Modern cars have low Cdrag coefficients compared to the first ones. This is achieved by streamlining the shape of the car. Furthermore, compared to the good old T-Ford, the frontal area of modern cars is also smaller, at least for standard cars (for SUV, for example, this is not true).

Both the lower drag coefficeint and the smaller frontal area mean that cars, in princple, can have a much better mileage (M ) than older types, i.e. modern cars use much less gasoline per 100km than older types. Of course, improvements in engines has also helped significantly.

In this exercise, we will concentrate on the drag force and compare the energy use of a T-Ford and a modern car based on the drag. For the T-Ford, we have CD=1 and A=28ft2; for a modern car these numbers are 0.3 and 7 ft2, resp.

1. Show that the mileage of a car, if we ignore any other effects other than drag, is proportional to the drag force: M∝FD
2. If a T-Ford and a modern car both drive at the same velocity, compute the ratio of their mileage.
3. Environmentalists make a pley for lower maximum velocities at high ways. They argue that driving at 90 km/h saves a lot more energy than driving at 120 km/h.

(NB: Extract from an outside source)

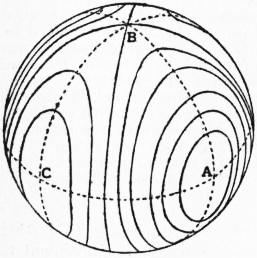 Mass on the Electrical Theory of Matter.—One of the most characteristic things about matter is the possession of mass. When we take the electrical theory of matter the idea of mass takes new and interesting forms. This point may be illustrated by the case of a single electrified particle; when this moves it produces in the region around it a magnetic field, the magnetic force being proportional to the velocity of the electrified particle.1 In a magnetic field, however, there is energy, and the amount of energy per unit volume at any place is proportional to the square of the magnetic force at that place. Thus there will be energy distributed through the space around the moving particle, and when the velocity of the particle is small compared with that of light we can easily show that the energy in the region around the charged particle is μe2/3a, when v is the velocity of the particle, e its charge, a its radius, and μ the magnetic permeability of the region round the particle. If m is the ordinary mass of the particle, the part of the kinetic energy due to the motion of this mass is 1⁄2 mv2, thus the total kinetic energy is 1⁄2 (m + 2⁄3μe2/a). Thus the electric charge on the particle makes it behave as if its mass were increased by 2⁄3μe2/a. Since this increase in mass is due to the energy in the region outside the charged particle, it is natural to look to that region for this additional mass. This region is traversed by the tubes of force which start from the electrified body and move with it, and a very simple calculation shows that we should get the increase in the mass which is due to the electrification if we suppose that these tubes of force as they move carry with them a certain amount of the ether, and that this ether had mass. The mass of ether thus carried along must be such that the amount of it in unit volume at any part of the field is such that if this were to move with the velocity of light its kinetic energy would be equal to the potential energy of the electric field in the unit volume under consideration. When a tube moves this mass of ether only participates in the motion at right angles to the tube, it is not set in motion by a movement of the tube along its length. We may compare the mass which a charged body acquires in virtue of its charge with the additional mass which a ball apparently acquires when it is placed in water; a ball placed in water behaves as if its mass were greater than its mass when moving in vacuo; we can easily understand why this should be the case, because when the ball in the water moves the water around it must move as well; so that when a force acting on the ball sets it in motion it has to move some of the water as well as the ball, and thus the ball behaves as if its mass were increased. Similarly in the case of the electrified particle, which when it moves carries with it its lines of force, which grip the ether and carry some of it along with them. When the electrified particle is moved a mass of ether has to be moved too, and thus the apparent mass of the particle is increased. The mass of the electrified particle is thus resident in every part of space reached by its lines of force; in this sense an electrified body may be said to extend to an infinite distance; the amount of the mass of the ether attached to the particle diminishes so rapidly as we recede from it that the contributions of regions remote from the particle 893 are quite insignificant, and in the case of a particle as small as a corpuscle not one millionth part of its mass will be farther away from it than the radius of an atom.

Compute the ratio of the mileages for these two cases. Do you agree with the environmentalists?

## Example 3.1B: Drag on a car (medium)

Subtitles (captions) in other languages than provided can be viewed at YouTube. Select your language in the CC-button of YouTube.

## EXAMPLE 3.1C: DIMENSION ANALYSIS (ADVANCED)

If you have processes where many variables are involved, it can be useful to apply dimension analysis. It reduces the variables in related dimensionless groups which are related to each other. In the field of transport phenomena, many dimensionless quantities are used. A few examples are the: Reynolds number (Re), Nusselt number (Nu) and Fourier (Fo) number.

Generally, problems with many variables are solved using matrix algebra. If there are not too many physical quantities involved, however, you can do it on paper. Remember that you use SI-units and work precisely. Otherwise, mistakes are made quickly.

As a result of condensation, droplets are formed on a horizontal plate. This can be your bath room, or on steel pipes. The phenomena is that these droplets grow to a certain critical volume (Vcrit) and then fall down. Use dimension analysis and derive a dimensionless group relevant for this process.